Answer
See the detailed answer below.
Work Step by Step
Let's assume that the current carrying wire is too long at which the magnetic field exerted by it is given by
$$B=\dfrac{\mu_0I}{2\pi x}\tag 1$$
Noting that the magnetic field direction due to the long wire is into the page while the short wire is moving upward. According to the right-hand rule, the magnetic force on the positive charges will be to the left.
This means that the positive charges will build up on the left side of the short metal wire while the negative charges will build up on the right side of the wire.
This creates a building electric field until the electric force due to this
electric field equals the magnetic force.
Thus,
$$F_E=F_B$$
$$ \color{red}{\bf\not} qE= \color{red}{\bf\not} qvB$$
$$ E= vB$$
Plug from (1),
$$E=\dfrac{\mu_0vI}{2\pi x} \tag 2$$
Recalling that
$$\Delta V=-\int Eds$$
So, in this case, integrating the electric field from the positive end of the wire (which is the left end) to its negative end (which is the right end).
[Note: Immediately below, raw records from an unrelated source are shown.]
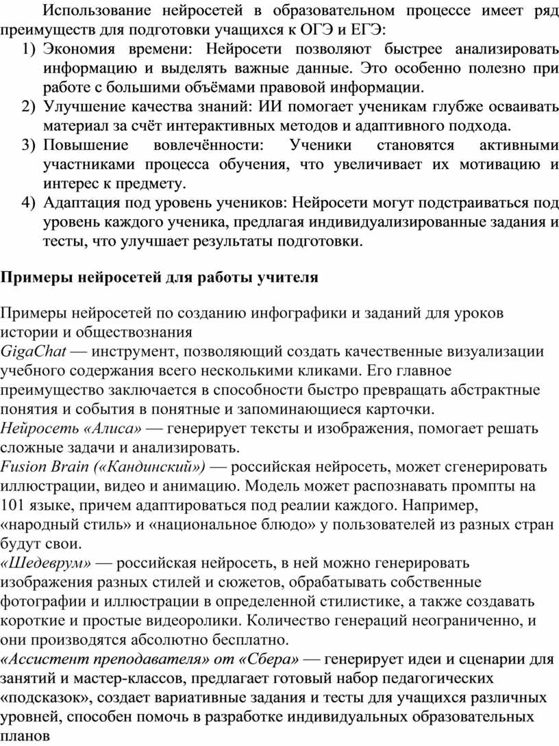 Использование нейросетей в образовательном процессе имеет ряд преимуществ для подготовки учащихся к ОГЭ и ЕГЭ: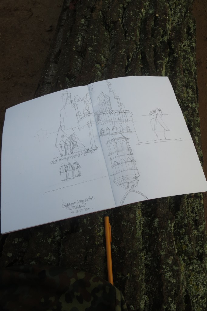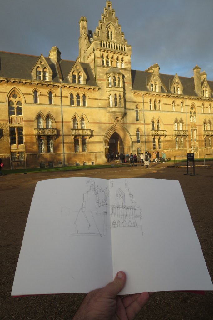 Here’s my view of The Meadows Building at Christ Church in that fleeting golden light -and with my partial sketch under-way.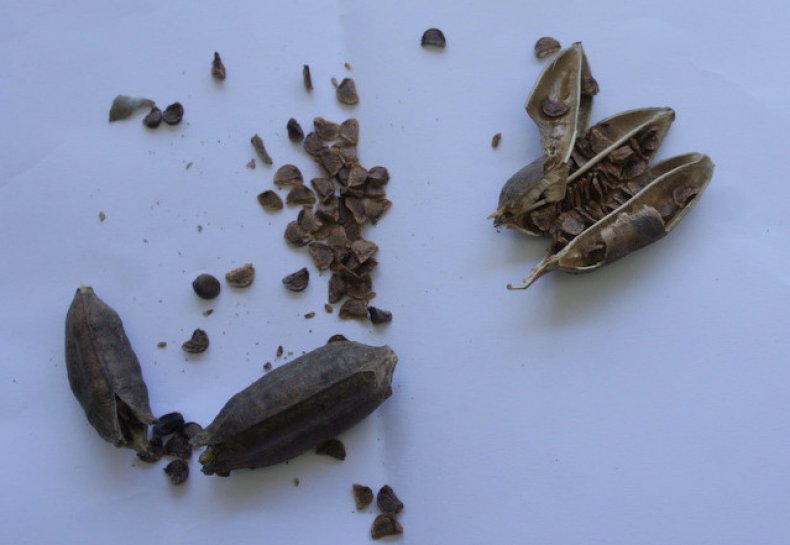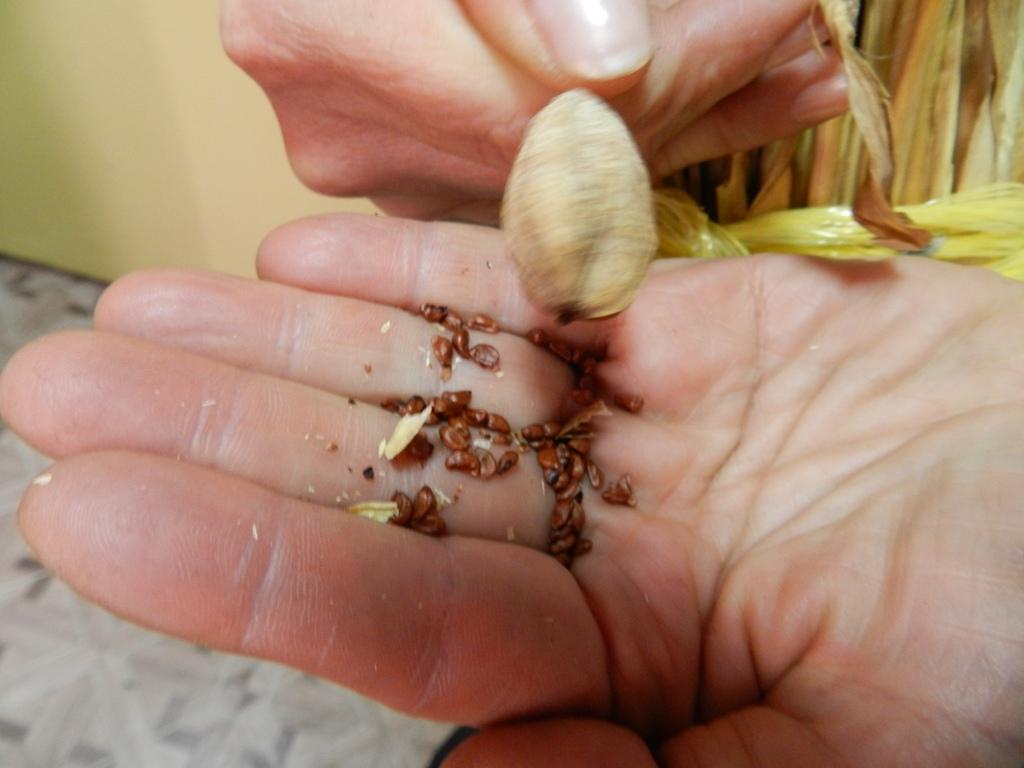 Семенной материал вызревает достаточно длительный период, однако трёхгранные коробочки могут раскрыться очень быстро, что способно спровоцировать высыпание зёрен. Чтобы сохранить семена для посадки, каждую коробочку обвязывают куском марли и ожидают их полного вызревания.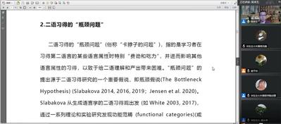 师生带来了一场题为“中国学习者英语学习的瓶颈问题:来自于两个英语语法构式习得的证据”的学术报告。本次报告会采用网络视频的方式进行,报告由彩票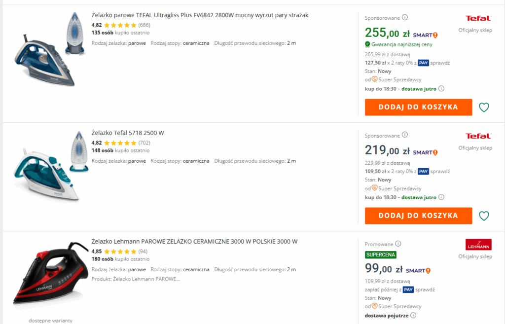 Spójrz, jak prezentują się wyniki, gdy w wyszukiwarkę Allegro wpiszę hasło “żelazko”:

$$\Delta V= \int_d^{d+l} Edx$$
Plugging from (2),
$$\Delta V= \int_d^{d+l} \dfrac{\mu_0vI}{2\pi x} dx$$
$$\Delta V= \dfrac{\mu_0vI}{2\pi }\int_d^{d+l} \dfrac{ dx}{x}$$
$$\Delta V= \dfrac{\mu_0vI}{2\pi } \ln(x)\bigg|_d^{d+l}$$
$$\boxed{\Delta V= \dfrac{\mu_0vI}{2\pi } \ln\left(\dfrac{d+l}{d}\right) }$$